Commentary: The worst harm that anti-vaxxers do is to their families
An estimated 163,000 COVID-19 deaths in the US alone could have been prevented by vaccination between June and November 2021, says the Financial Times' Simon Kuper.
LONDON: There’s a 13-year-old boy whose anti-vax father — an intelligent, accomplished man in his early 50s — died last month of COVID-19.
Go to the father’s Twitter feed and it’s the usual story: He warns followers that governments have “radicalised”, that Pfizer jabs are perilous and long COVID-19 is an invention, then tweets casually that he has tested positive, before his feed suddenly goes silent - forever.
Many vaccinated people enjoy mocking deaths like his. That’s harsh. We all make wrong choices every day, but they don’t usually kill us. Above all, though, vaxenfreude, as it’s now called, ignores the people left behind.
The worst harm that anti-vaxxers do is to their families, whom they expose to daily danger and then sometimes plunge into a grief that cannot speak its name.
The harm will reverberate down the generations. How will it shape the millions of bereaved and their relationship to the rest of us?
LIFE AND DEATH
Anti-vaxxers will tend to blame the victim’s supposed physical weakness or pretend that the death wasn’t from COVID-19,
For most inhabitants of rich countries, COVID-19 is no longer lethal, but for the voluntarily unvaccinated, it’s a slaughter they don’t understand
Their risk of COVID-19-related death is 14 times that of vaccinated people, says Rochelle Walensky, director of the US Centers for Disease Control.
Just between June and November, 163,000 COVID-19 deaths in the US alone could have been prevented by vaccination, estimates the Kaiser Family Foundation.
That’s nearly double all the American deaths in war in Korea, Vietnam, Afghanistan and Iraq combined — and the unvaccinated continue to die, pointlessly.
For each unvaccinated American death, about nine people lose a grandparent, parent, sibling, spouse or child. Probably the most distressing thing about COVID-19 is its relentless orphaning, which recalls the HIV epidemic in Africa or the Great Flu of 1918.
Think of the children of Kevin and Misty Mitchem, a couple in their forties who chose not to be vaccinated and who died of COVID-19 within days of each other in October.

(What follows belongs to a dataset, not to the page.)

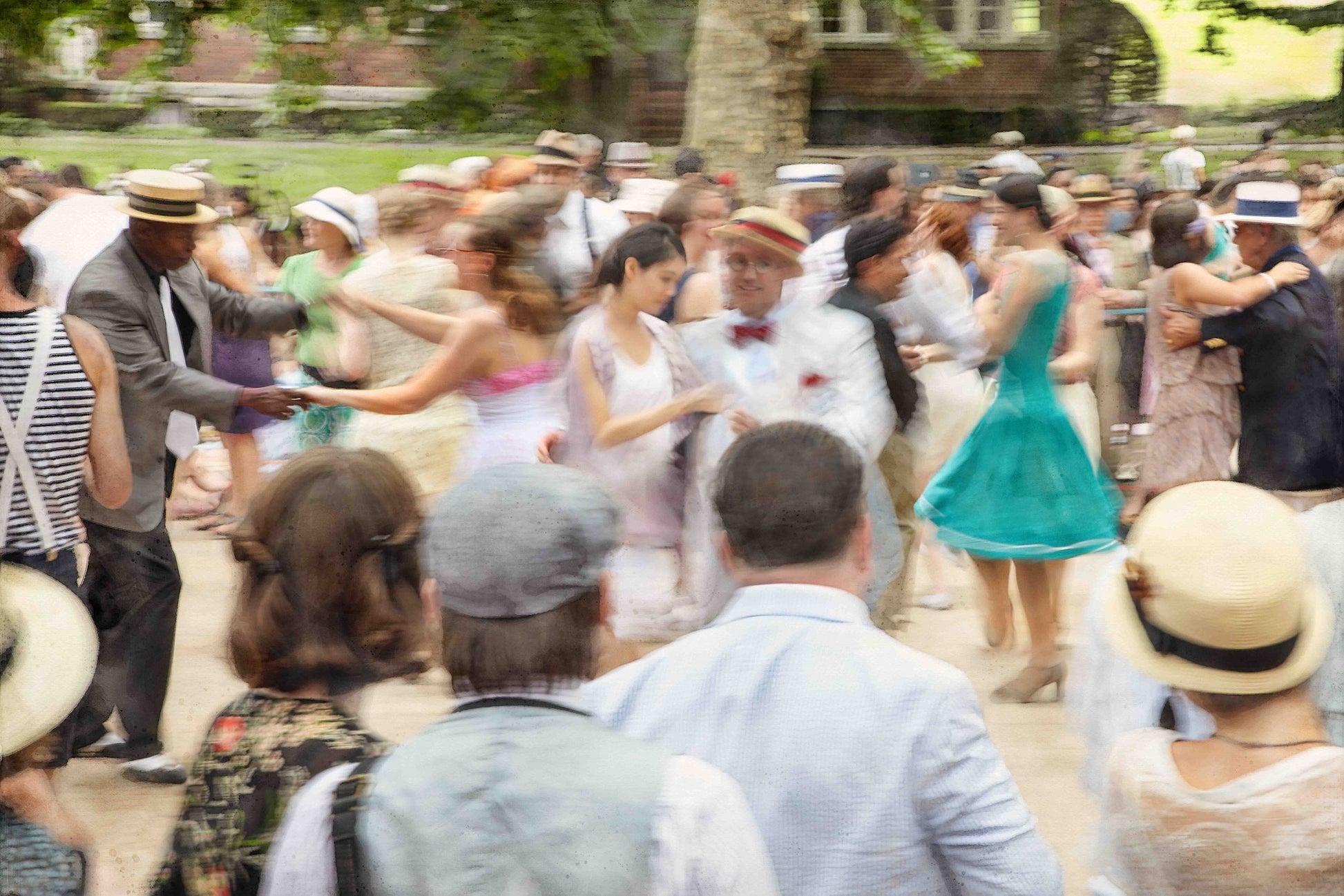 Description: People dance in colorful 1920s attire at a theme party. Watercolor effect.

Losing a parent young is one of the great life traumas. Bereaved children are often cast into depression (which is why my own chief life goal is to plug on until my kids are at least 18).
Yet when the parent is an anti-vaxxer taken by COVID-19, the child may feel shamed into silence over an unnecessary death that some people will always regard as farcical.
Meanwhile, anti-vaxxers will tend to blame the victim’s supposed physical weakness or pretend that the death wasn’t from COVID-19.
They can’t easily change their mind about the disease, because that would mean giving up their anti-vax identity and the community that comes with it.
Then there are people who won’t discuss the cause of death for fear of politicising a tragedy. (A new trend in parts of the US is to keep COVID-19 out of the obituary.) So children may not have anyone to talk to about the worst moment of their lives.
This is known as “disenfranchised grief” — a term coined by the psychologist Kenneth Doka to describe the feelings of mourners who cannot discuss their loss because the cause of death is stigmatised.
This was common during the AIDS epidemic and still is when somebody dies by suicide or an overdose or fighting on the unpopular side of a war. A friend of mine suffered disenfranchised grief when his former mistress died, and he couldn’t tell the person he loved most, his wife.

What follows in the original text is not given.